Starting at the line that contains "Kit con 2 Estantes", transcribe each line through the end of the material below, exactly and nothing else, leaving out the pictures.

■ **THE DATA**
• • • •

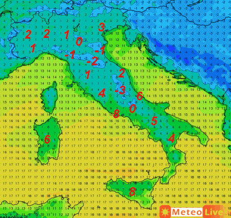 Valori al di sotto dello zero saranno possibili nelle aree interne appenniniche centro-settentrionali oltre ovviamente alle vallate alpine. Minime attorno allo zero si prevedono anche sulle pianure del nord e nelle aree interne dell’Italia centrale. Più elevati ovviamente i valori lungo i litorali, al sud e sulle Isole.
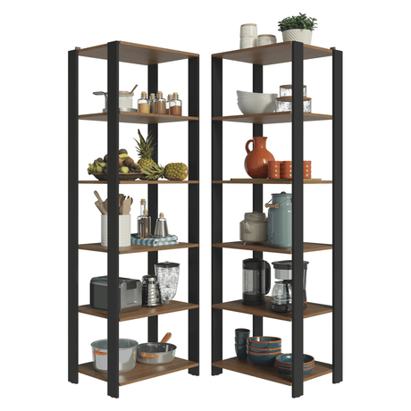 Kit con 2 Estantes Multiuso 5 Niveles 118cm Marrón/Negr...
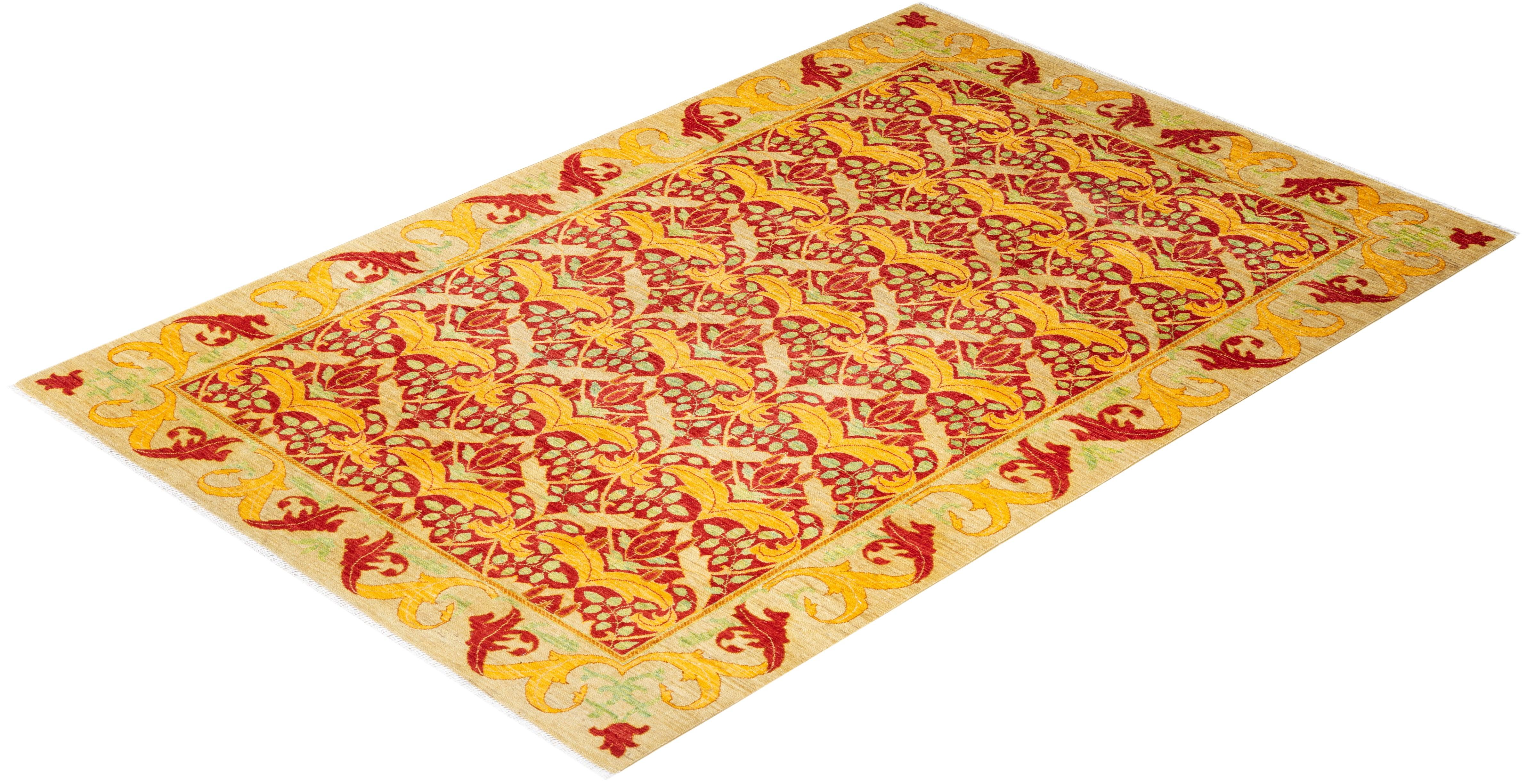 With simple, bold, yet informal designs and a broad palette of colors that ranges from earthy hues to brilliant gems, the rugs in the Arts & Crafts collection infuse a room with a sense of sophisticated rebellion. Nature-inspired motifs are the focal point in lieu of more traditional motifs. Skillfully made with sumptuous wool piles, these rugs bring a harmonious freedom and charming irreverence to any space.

• • • •

■ **SOLUTION TO THE EXERCISE**
 Kit con 2 Estantes Multiuso 5 Niveles 118cm Marrón/Negr...
 With simple, bold, yet informal designs and a broad palette of colors that ranges from earthy hues to brilliant gems, the rugs in the Arts & Crafts collection infuse a room with a sense of sophisticated rebellion. Nature-inspired motifs are the focal point in lieu of more traditional motifs. Skillfully made with sumptuous wool piles, these rugs bring a harmonious freedom and charming irreverence to any space.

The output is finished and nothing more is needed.